Le président Emmanuel Macron a donné mardi dans une région rurale du nord-ouest de la France le coup d'envoi officiel d'un « grand débat » qu'il veut « sans tabou », un exercice inédit à l'échelle nationale pour tenter de répondre à la crise des gilets jaunes qui secoue la France.

« Nous pouvons faire du moment que traverse la France une chance » pour « réagir plus fort » et continuer à réformer plus profondément le pays, a lancé Emmanuel Macron devant 600 maires de Normandie.

Cet échange-marathon a duré 6 h 30, le chef de l'État parlant lui-même 3 h 30.

Pour le président Macron, la France connaît une série de « fractures », « sociale », « économique » et « démocratique », qui sont à la racine de la colère des gilets jaunes, ces manifestants entrés en rébellion depuis près de deux mois contre la politique sociale et fiscale du gouvernement.    

« Toutes les questions sont ouvertes » pour ces deux mois de débats auxquels tous les Français peuvent participer et « il ne doit pas y avoir de tabou », a-t-il insisté.

Le grand débat s'articulera autour de quatre thèmes principaux (fiscalité et dépenses publiques, organisation des services publics, transition écologique, démocratie et citoyenneté).

Emmanuel Macron a néanmoins exprimé des réserves sur le référendum d'initiative citoyenne, ou RIC, l'une des revendications les plus partagées par les gilets jaunes.

« On ne doit pas créer une situation de concurrence entre les formes de démocratie » directe et représentative, a-t-il ajouté.

Si « un référendum d'initiative citoyenne qui chaque matin peut revenir sur ce que les parlementaires ont voté, là on tue la démocratie parlementaire », a averti le chef de l'État.

« Quand il y a une décision difficile à prendre, ce sont souvent les représentants qui les prennent car ils intègrent les contraintes. On prend rarement les décisions difficiles par référendum », a relevé le président français.  

« Regardez ce que vivent nos amis britanniques », a-t-il souligné. « Le peuple a voté non sur des fausses informations et des mensonges. Et leurs représentants sont incapables de le mettre en oeuvre », a-t-il ajouté, au moment où le parlement britannique rejetait massivement l'accord de Brexit.

Les édiles normands ont égrené pour leur part les doléances de leurs administrés : manque de médecins ou de transports collectifs, fermetures de maternité, fracture numérique...

D'autres élus ont cité le pouvoir d'achat, la justice fiscale, le niveau des retraites ou l'affaiblissement des services publics en milieu rural.

Emmanuel Macron a retrouvé des accents de campagne pour répondre en détail sur tous les dossiers. Il a ainsi défendu son programme économique, la suppression de l'Impôt sur la fortune (ISF).

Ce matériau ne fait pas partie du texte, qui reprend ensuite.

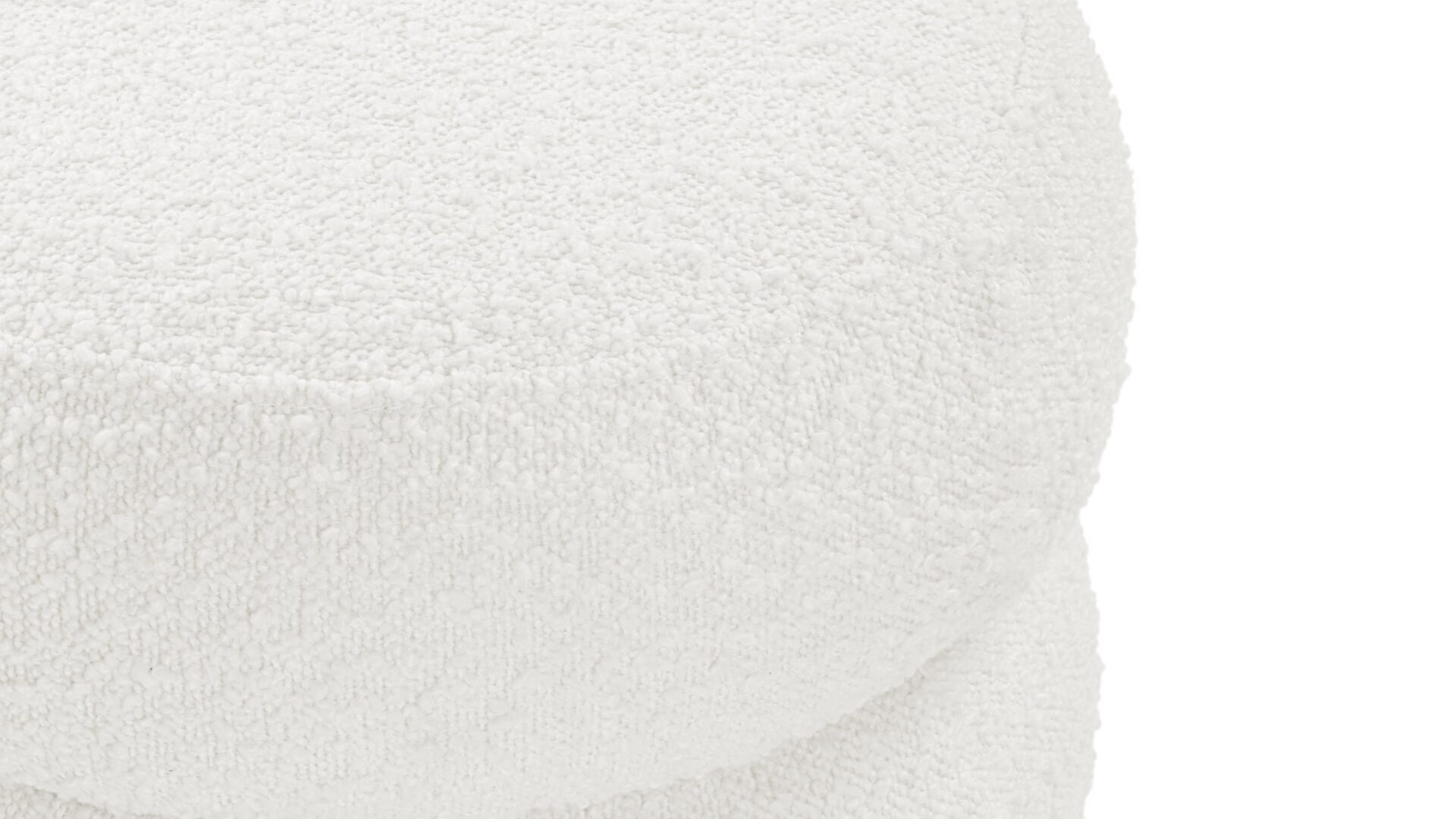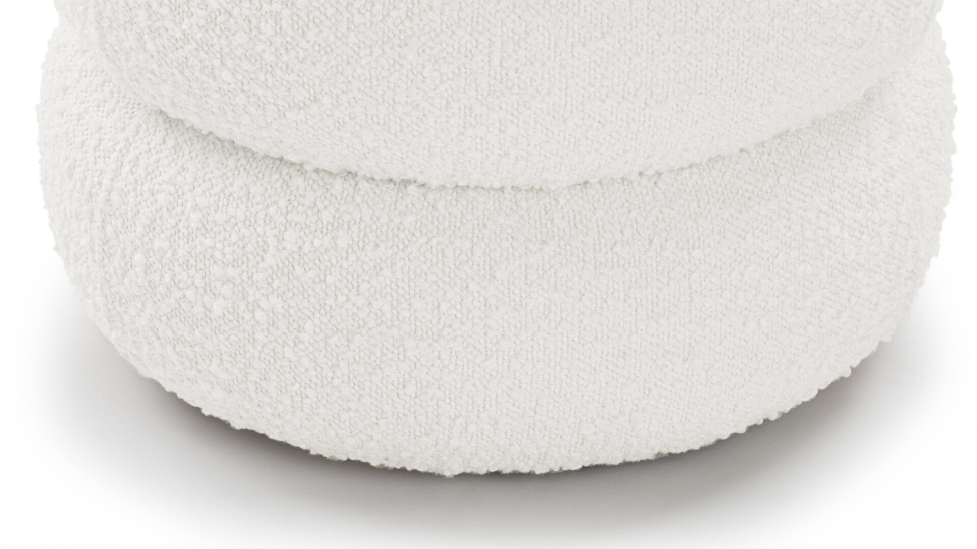Enhance your living space with the Noa Ottoman, featuring soft boucle upholstery and looped tufts that create an inviting and comfortable texture. Gentle padding on the exterior complements the ottoman's sturdy construction, ensuring both coziness and durability. Its round, sculptural design showcases stacked ring-like shapes, adding a whimsical and aesthetically pleasing touch to any room. Whether you're putting your feet up or need extra seating for guests, this ottoman is a versatile piece. Ideal for warm interiors, it can stand alone as a statement piece or be paired with other available sizes for a cohesive look.
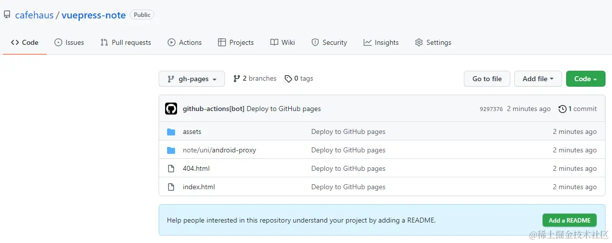 流水线成功了gh-pages分支里就会自动生成最终打包出来的文件,像下面这这样的:
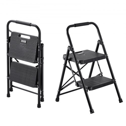VEVOR 2 Step Ladder, Folding Step Stool with Wide Anti-Slip Pedal and Comfort Handgrip, Lightweight 272 kg Capacity Portable Steel Ladder, Multi-Use for Kitchen, Home, Household and Office, Black
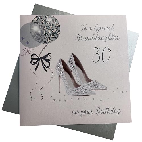 WHITE COTTON CARDS X30GD Grande Boule à facettes 30 & Chaussures de Mariage Inscription to a Special Granddaughter on Your Birthday 30th Carte d'anniversaire Faite à la Main

Offensif, il a mêlé logique, chiffres et formules choc, parfois émaillées d'argot.  

« Raconter des craques »

Emmanuel Macron a ainsi déclaré vouloir « responsabiliser » les personnes en situation de pauvreté car « il y en a qui font bien » et d'autres « qui déconnent », des propos qui ont suscité des protestations dans l'opposition, à droite et à gauche.

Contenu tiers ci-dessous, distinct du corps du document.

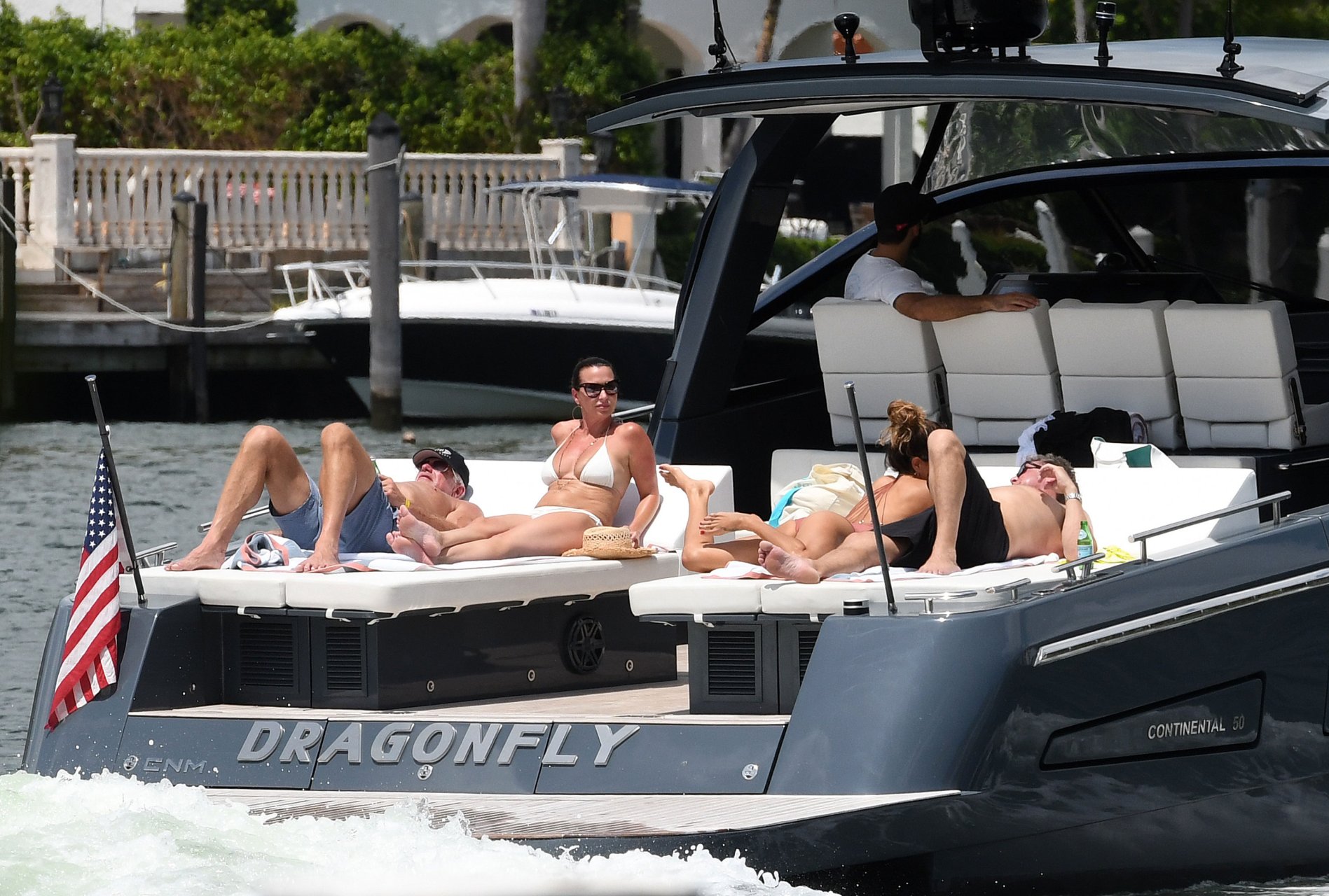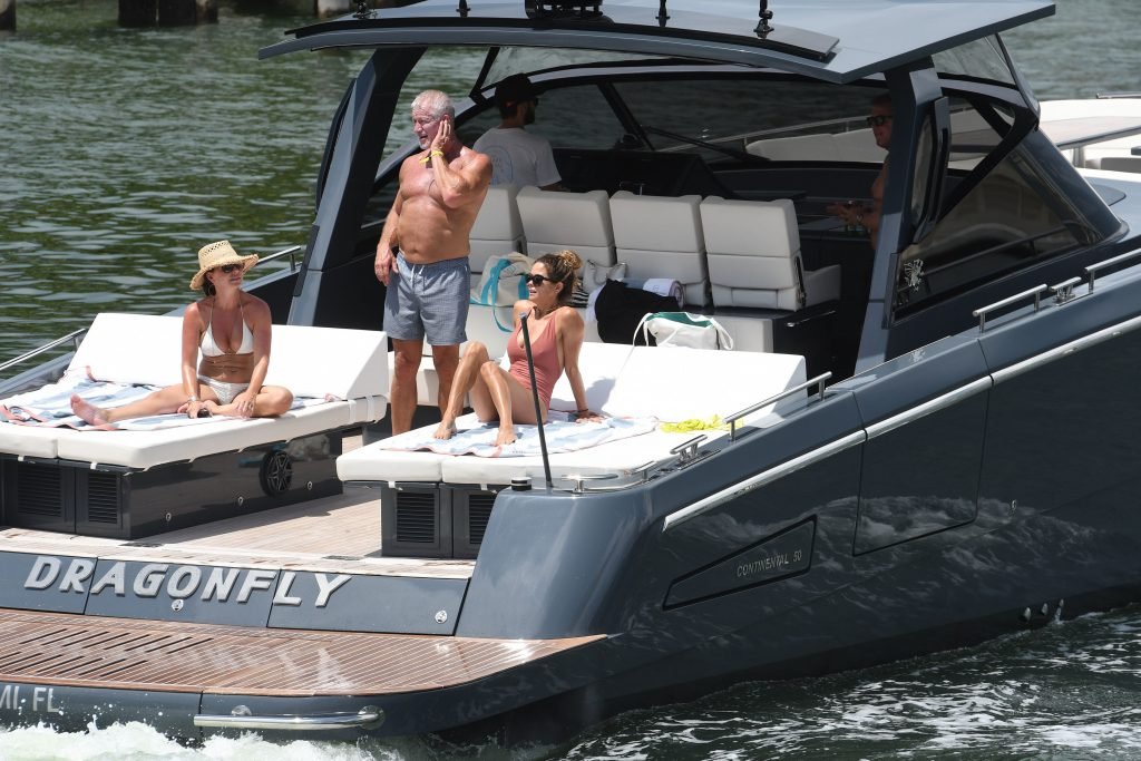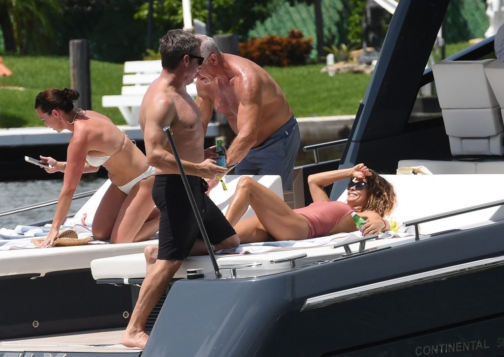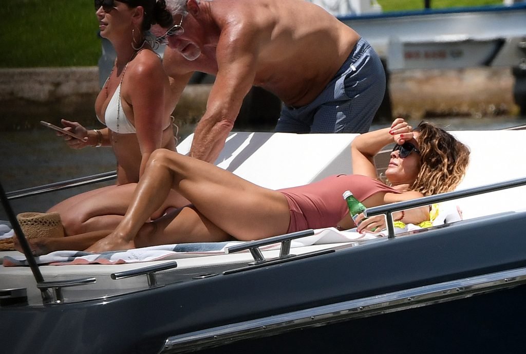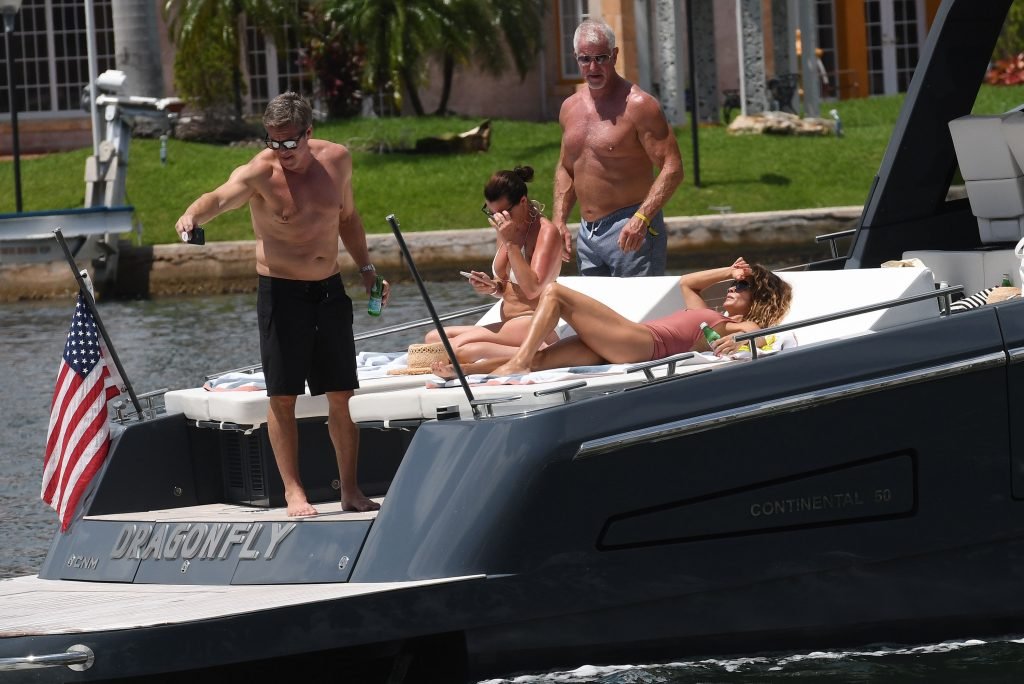 Brooke Burke disfruta de una tarde relajante en la piscina. Se ve genial mientras se prepara para saltar a la piscina bajo el calor de Miami, 10/09/2018 + Brooke Burke, recién divorciada, celebra su cumpleaños con un traje de baño rosa en un yate con un hombre misterioso en Miami.

« Il ne faut pas raconter de craques, a-t-il ajouté un peu plus tard, c'est pas parce qu'on rétablira l'ISF que les gilets jaunes iront mieux ».

« On veut toujours trouver un coupable, j'ai le sentiment de remplir ce rôle à plein, je l'assume. Personne me m'a forcé à être là », a-t-il aussi remarqué.  

Le président français, qui a encore prôné une « République de la délibération permanente », s'est fait longuement applaudir à la fin de l'échange avec les élus normands.

Emmanuel Macron mise sur ce débat national pour relancer son quinquennat et reprendre l'initiative après deux mois de crise et d'effondrement dans les sondages.

L'Élysée veut éviter que le grand débat apparaisse comme un exercice verrouillé par le gouvernement, comme l'en accuse une partie des gilets jaunes et de l'opposition. Il n'est donc pas question que le président tranche sur un sujet avant la fin du débat mi-mars.

Cette étape était la première d'un tour de France qui le conduira à écouter les maires de toutes les régions françaises.  

Mais Emmanuel Macron a encore beaucoup à faire pour convaincre les Français de l'utilité de ce grand débat.

Si près de 40 % des Français ont l'intention d'y participer, seuls 34 % pensent qu'il permettra de sortir de la crise, selon un sondage Elabe pour la chaîne BFMTV.